### Exercise materials ###

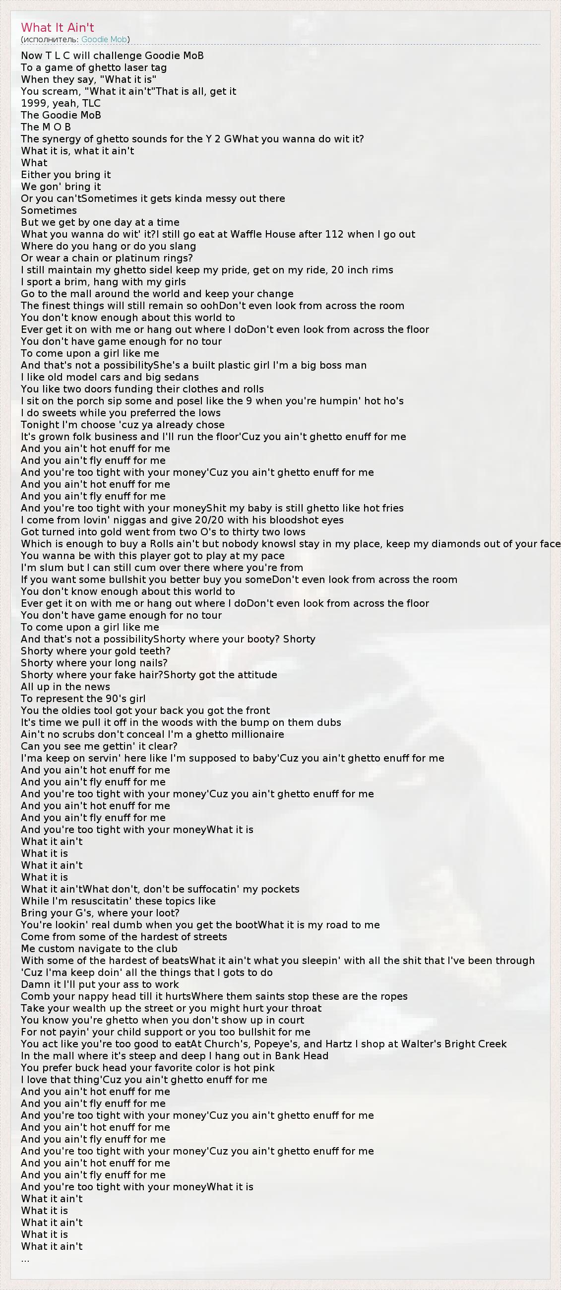 А как ты думаешь, о чем песня "What It Ain't" ?
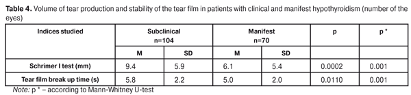 Comparison of the quantitative indices that characterize the volume of tear production and tear film stability in patients with subclinical and manifest hypothyroidism showed that a summed value of tear production was 9.4 (SD5.9) mm in subclinical hypothyroidism while that was significantly lower, 6.1(SD5.4) mm, in manifest hypothyroidism (р=0.0002). Stability of the tear film was also lower in manifest than in subclinical hypothyroidism, 5.04(SD2.0) and 5.84(SD2.2) s, (р=0.0110), respectively (Table 4).
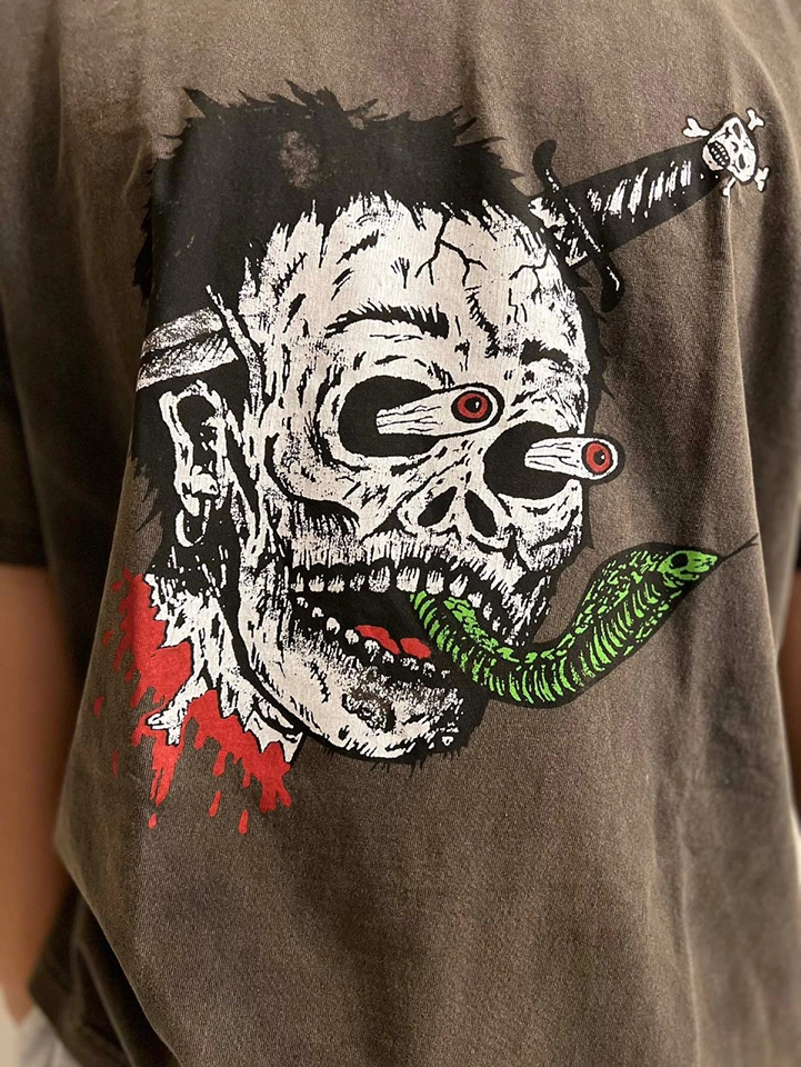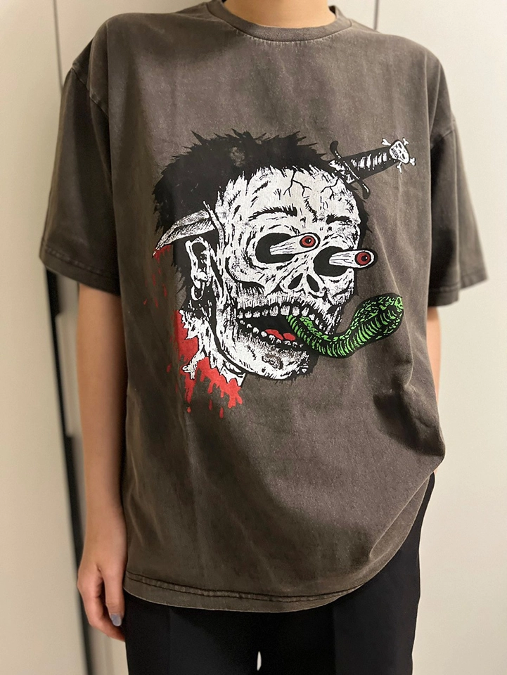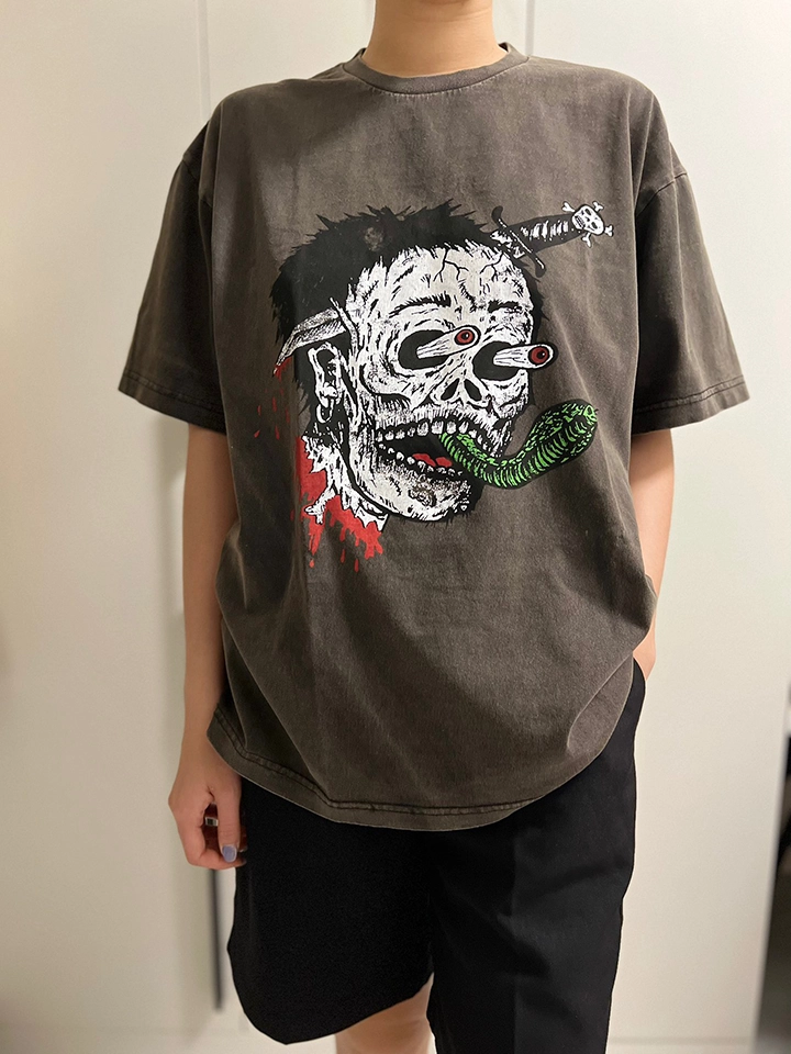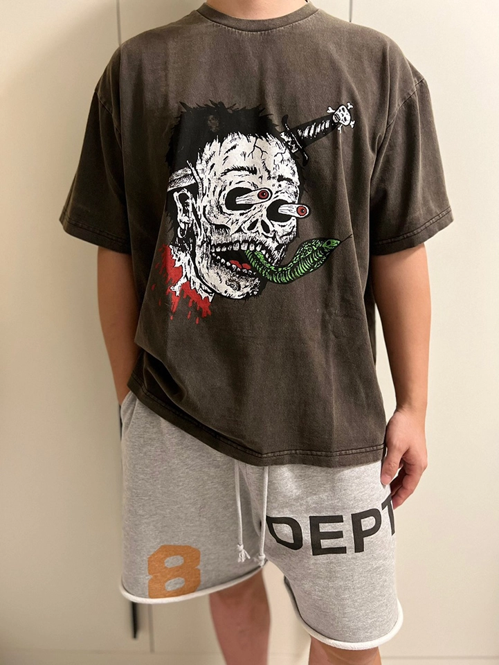 Gallery Dept Sword Skull Print T-Shirt features a bold sword skull print design that perfectly combines street culture and art. The fusion of the skull and sword pattern symbolizes strength, rebellion, and individuality. The unique print uses contrasting colors, making the T-shirt visually striking. Made from high-quality fabric, it offers comfort and excellent breathability, perfect for daily wear, especially during the summer months. Whether paired with jeans, joggers, or shorts, this T-shirt easily creates a powerful street style.
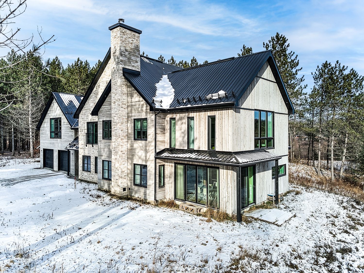 • La maison accueille 5 chambres, dont une au RDC, isolée des aires de vie communes. Le RDC propose plusieurs zones: un garage double attaché et salle de rangement attenante, une entrée avec un grand mudroom : zone utilitaire. une zone plus studieuse avec deux bureaux isolés l’un de l’autre. Des aires de vie baignant de lumière, finalisent de composer ce RDC. À l’étage, c’est la zone familiale, avec les chambres des enfants et leurs salles de bains, le quartier des maîtres avec sa salle de bain et son walk-in. Une salle polyvalente servant à la fois de salle de jeux et de yoga, complètent cet étage.
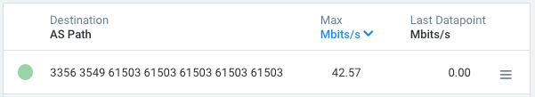 - The announced origin ASN that Kentik correlated with the flow at ingest, which is shown in the Destination ASN column, is 61503.
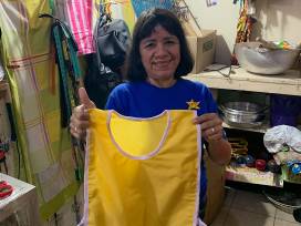 This painters apron was handmade by Alma from Nicaragua. She is grateful to her mentor Suzanna. She has learned to better organize her little shop so that her customers can find what they need. Suzana also helped teach her money management principles so that she could manage her income and shop expenses. Alma is growing in greater self-reliance and is very grateful for the support and mentoring from Mentors International.
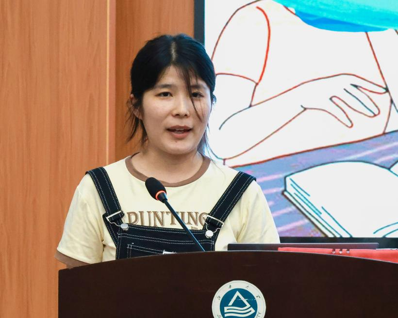 分享环节,优秀寝室长代表杨丽然上台交流经验。杨同学分享了如何通过沟通和倾听帮助情绪低落的室友走出困境的故事,也回忆自己积极应对考研焦虑等不良情绪的心理成长历程,让在场的同学们深受启发。此外,她结合心理委员工作实践提出了四点建议:真诚建立信任关系、细心观察心理变化、设计丰富心理活动、定期沟通寻求老师专业建议。
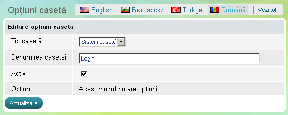 Folosiţi secţiunea 'Autentificare' pentru a permite vizitatorilor să se înregistreze şi să se autentifice în magazin. După ce se autentifică, acestia pot deasemenea să se deautentifice. Secţiunea are un singur parametru - să fie activă, ceea ce înseamnă că este vizibilă în pagina web sau, din contră - inactivă, caz în care întreaga secţiune va dispărea pentru vizitatori.

###

Requirement:
Only the lines from the one containing "- The announced" through the end of the data above are to be output, exactly and without pictures.

Finished task:
 - The announced origin ASN that Kentik correlated with the flow at ingest, which is shown in the Destination ASN column, is 61503.
 This painters apron was handmade by Alma from Nicaragua. She is grateful to her mentor Suzanna. She has learned to better organize her little shop so that her customers can find what they need. Suzana also helped teach her money management principles so that she could manage her income and shop expenses. Alma is growing in greater self-reliance and is very grateful for the support and mentoring from Mentors International.
 分享环节,优秀寝室长代表杨丽然上台交流经验。杨同学分享了如何通过沟通和倾听帮助情绪低落的室友走出困境的故事,也回忆自己积极应对考研焦虑等不良情绪的心理成长历程,让在场的同学们深受启发。此外,她结合心理委员工作实践提出了四点建议:真诚建立信任关系、细心观察心理变化、设计丰富心理活动、定期沟通寻求老师专业建议。
 Folosiţi secţiunea 'Autentificare' pentru a permite vizitatorilor să se înregistreze şi să se autentifice în magazin. După ce se autentifică, acestia pot deasemenea să se deautentifice. Secţiunea are un singur parametru - să fie activă, ceea ce înseamnă că este vizibilă în pagina web sau, din contră - inactivă, caz în care întreaga secţiune va dispărea pentru vizitatori.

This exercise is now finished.